Gottlieb v. State of New York

Cardona, P.J.

Proceeding pursuant to CPLR article 78 (transferred to this Court by order of the Supreme Court, entered in Albany County) to review a determination of respondent Comptroller which denied petitioner’s application for continued membership'in the Retirement and Social Security Law § 80-a retirement plan.

Petitioner has worked for New York State in various capacities from March 1965 to the present and has been enrolled in respondent New York State and Local Employees’ Retirement System since January 1966. As relevant herein, petitioner served as a Member of the Assembly from January 1969 until December 1972. During that time, on January 14, 1969, petitioner enrolled in a retirement plan pursuant to Retirement and Social Security Law § 80-a (hereinafter the 80-a plan), *1099which entitled him, as a Member of the Assembly, to enhanced retirement benefits (see Retirement and Social Security Law § 80-a [d] [2] [b]). Thereafter, in January 1981, petitioner sought confirmation from the Retirement System that his membership in the 80-a plan was active. In response to his inquiry, petitioner was ultimately advised that his membership in the 80-a plan had terminated upon his leaving the Assembly in January 1973 to work for the State Liquor Authority, and that his subsequent employment, including further service as a Member of the Assembly, did not entitle him to be reinstated. Petitioner then sought a hearing and redetermination as to his status in the 80-a plan. The Hearing Officer found that petitioner had failed to achieve vested status in the 80-a plan by amassing 10 years of creditable service and, as such, his membership therein had terminated by operation of law when he concluded his service as a Member of the Assembly. Respondent Comptroller adopted the Hearing Officer’s findings, prompting this CPLR article 78 proceeding.

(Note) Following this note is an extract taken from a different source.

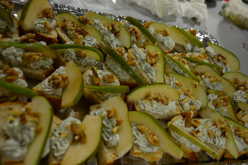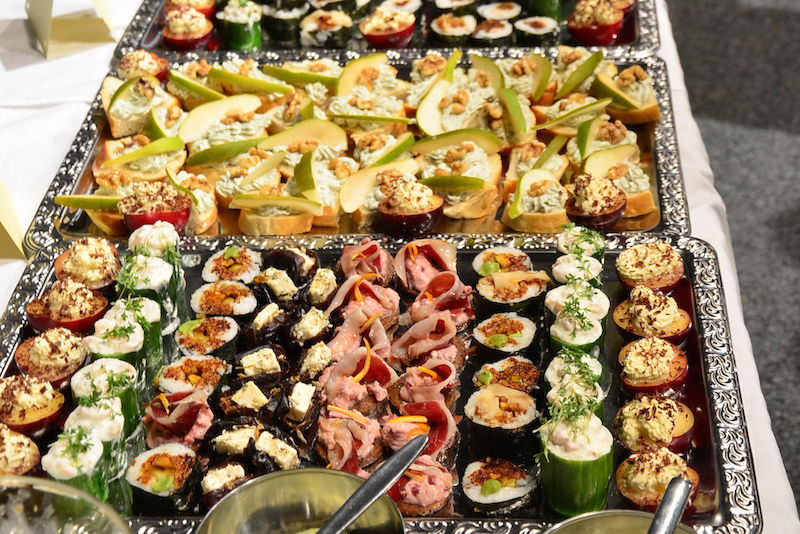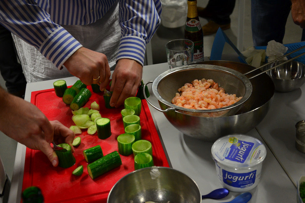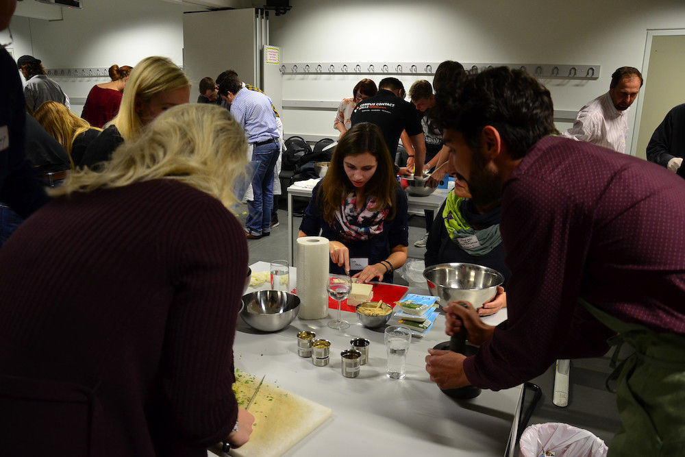 Jeder der insgesamt zehn Tische, so das Konzept, versucht sich an einem anderen Gericht. Canapé mit Roquefort-Créme steht da auf dem Programm, Caprese-Spieße mit Pesto oder Sushi mit Gurke und Räucherforelle. Snacks, die nicht nur deliziös klingen, sondern trotz einfacher Zubereitung auch so schmecken, entstammen die zugehörigen Rezepte doch der Feder eines professionellen Leipziger Kochs.
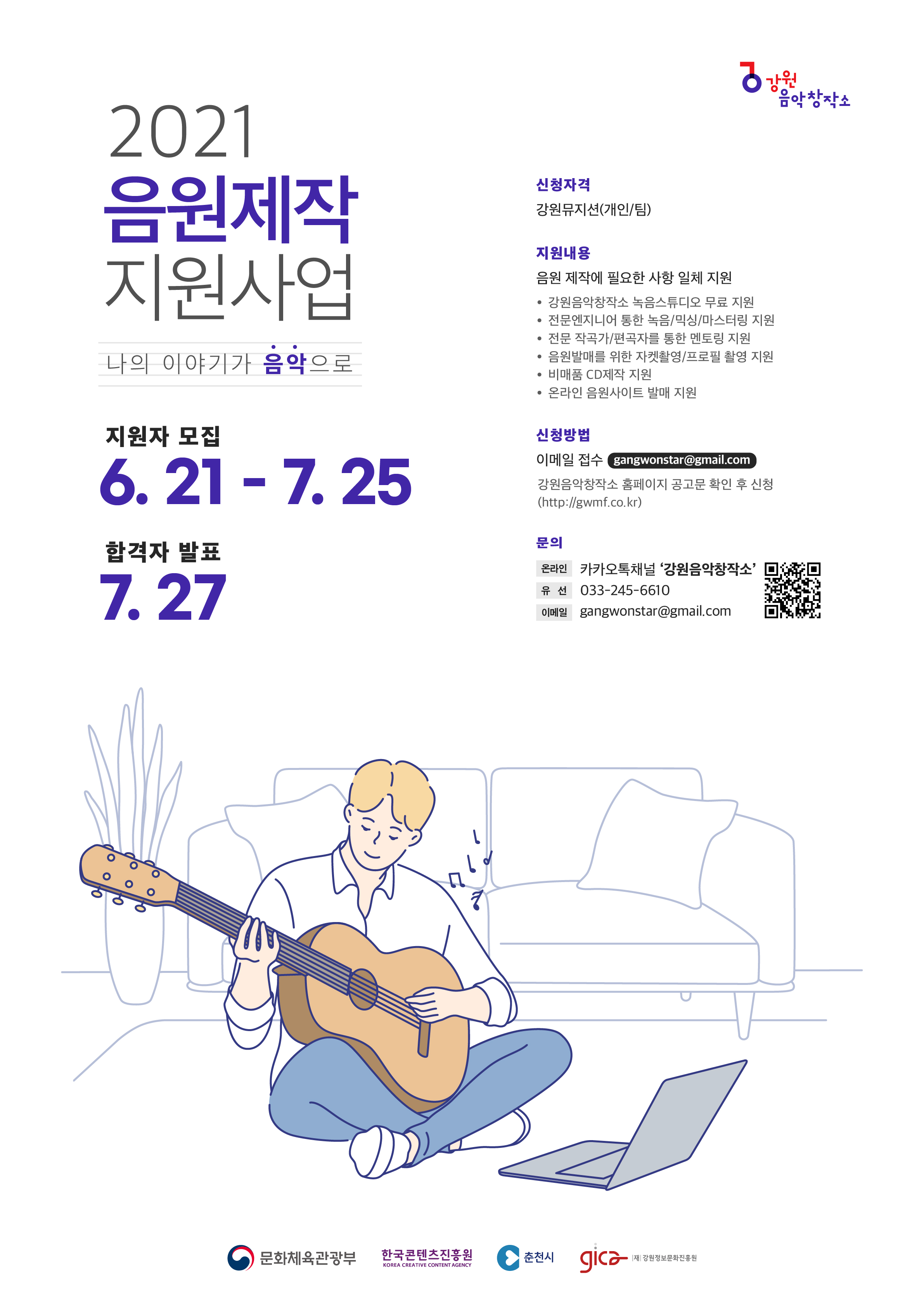 [강원사회복지신문 서은진 기자]=강원음악창작소가 오는 7월 25일까지 '2021 음원제작 지원사업'에 참가할 강원뮤지션을 모집한다. '2021 음원제작 지원사업'은 지역 음악인의 역량을 강화하고, 지역 음악 산업을 활성화시키기 위한 사업으로 자작곡을 보유한 강원뮤지션 5개 팀을 선정한다. 나의 이야기를 음악으로 풀어낼 ...

Initially, we note that Retirement and Social Security Law § 80-a (g) (1) plainly reads that a member of the 80-a plan is entitled to continuing coverage after leaving eligible employment only in the event that he or she has acquired vested rights therein. With that being so, it is undisputed in the record that petitioner has less than 10 years of credited legislative service and, therefore, has not achieved the requisite vested status (see Retirement and Social Security Law § 80-a [f] [1]). Consequently, the Comptroller’s determination will not be disturbed. Contrary to petitioner’s assertion, our holding in Matter of Robak v Regan (101 AD2d 608 [1984]), which is factually distinguishable from this case, does not support his position. In Robak, unlike here, it was deemed that the member never actually terminated bis qualifying employment under the meaning of the statute (id. at 609).

Petitioner’s remaining contentions have been considered and found to be without merit.

Crew III, Peters, Spain and Kane, JJ., concur. Adjudged that the determination is confirmed, without costs, and petition dismissed.